*** SUPPLIED INFORMATION Section Begins ***
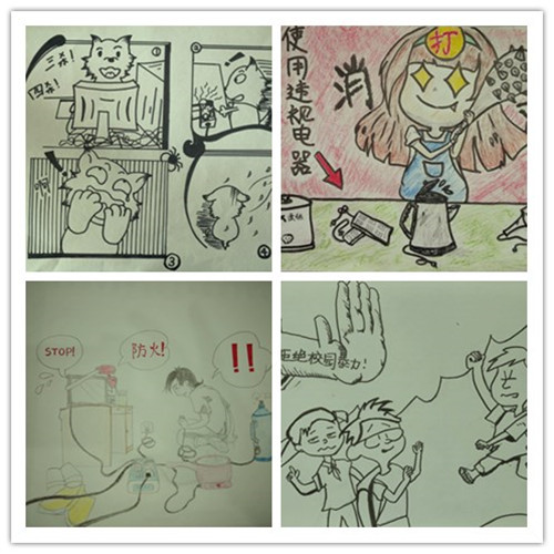 截止5月5日,共26幅作品参赛,同学们画风诙谐、想象丰富、内容多样,参选作品内容涉及了网络诈骗、校园网贷、校园用电安全、交通安全、消防安全等多个方面。经过评比,阮思佳荣获一等奖,李钰聪等三名同学获二等奖,张迎新等五名同学获三等奖。
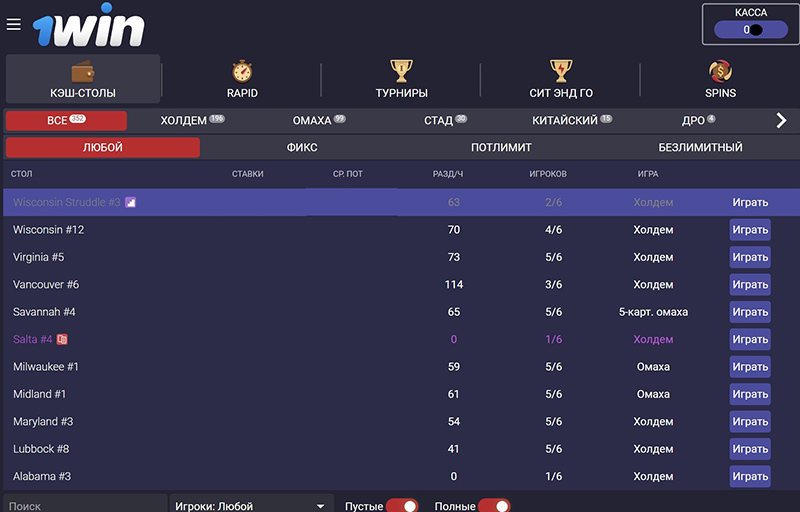 Доступны столы стада в классической версии, а также Хай-Лоу и Разз. Клиенты могут играть в 1win покер на официальном сайте по фиксированным ставкам от $0.05/$0.1 до $1/$2.
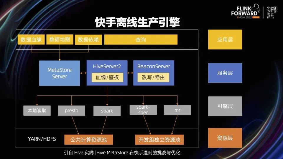 上图展示的是快手的离线生产引擎架构,我们所有的离线 SQL 生产作业,都采用 Hive,且以 HiveServer 作为统一的入口。从图中可以看到有一个 BeaconServer 组件,它用来承载智能路由的功能。根据一定的规则,把 SQL 作业路由到底层的引擎上。底层目前已经对接 spark、mr 和 presto 的引擎。
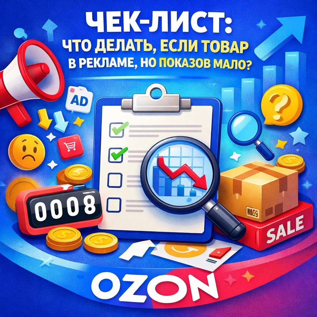 📊 Чек-лист: что делать, если товар в рекламе, но показов мало? OZON
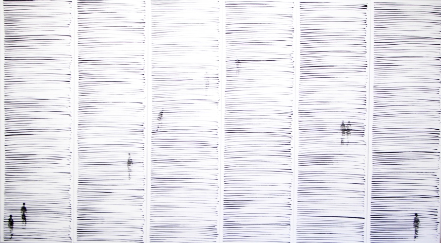 "Entstehen - Bereich1", 2006, Tusche auf Leinwand, 180 x 360 cm
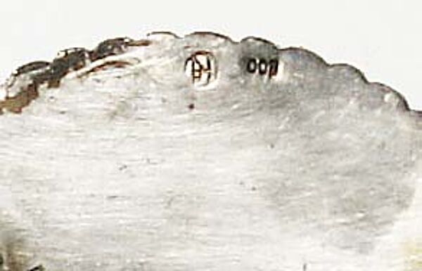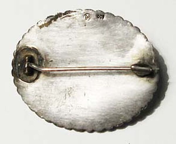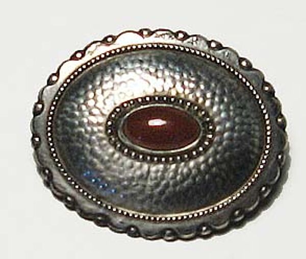 Querovaler, vorderseitig leicht gewölbter, handgearbeiteter, gebödeter Silberkorpus (800er) mit leicht gewelltem Rand und z.T. Hammerschlagdekor. Mittig Karneol(?)cabochon in Zargenfassung. Breite ca. 40 mm, ungeputzter Zustand mit leichter Patina und geringen, rückseitig moderaten Tragespuren. Hier Markung (ungedeuet) und einfache Broschierung. Wohl Deutschland um 1910 / 15.
*** SUPPLIED INFORMATION Section Ends ***
## PROBLEM TO SOLVE
Word for word, print every record, and leave out any picture.

## PROBLEM SOLUTION
 截止5月5日,共26幅作品参赛,同学们画风诙谐、想象丰富、内容多样,参选作品内容涉及了网络诈骗、校园网贷、校园用电安全、交通安全、消防安全等多个方面。经过评比,阮思佳荣获一等奖,李钰聪等三名同学获二等奖,张迎新等五名同学获三等奖。
 Доступны столы стада в классической версии, а также Хай-Лоу и Разз. Клиенты могут играть в 1win покер на официальном сайте по фиксированным ставкам от $0.05/$0.1 до $1/$2.
 上图展示的是快手的离线生产引擎架构,我们所有的离线 SQL 生产作业,都采用 Hive,且以 HiveServer 作为统一的入口。从图中可以看到有一个 BeaconServer 组件,它用来承载智能路由的功能。根据一定的规则,把 SQL 作业路由到底层的引擎上。底层目前已经对接 spark、mr 和 presto 的引擎。
 📊 Чек-лист: что делать, если товар в рекламе, но показов мало? OZON
 "Entstehen - Bereich1", 2006, Tusche auf Leinwand, 180 x 360 cm
 Querovaler, vorderseitig leicht gewölbter, handgearbeiteter, gebödeter Silberkorpus (800er) mit leicht gewelltem Rand und z.T. Hammerschlagdekor. Mittig Karneol(?)cabochon in Zargenfassung. Breite ca. 40 mm, ungeputzter Zustand mit leichter Patina und geringen, rückseitig moderaten Tragespuren. Hier Markung (ungedeuet) und einfache Broschierung. Wohl Deutschland um 1910 / 15.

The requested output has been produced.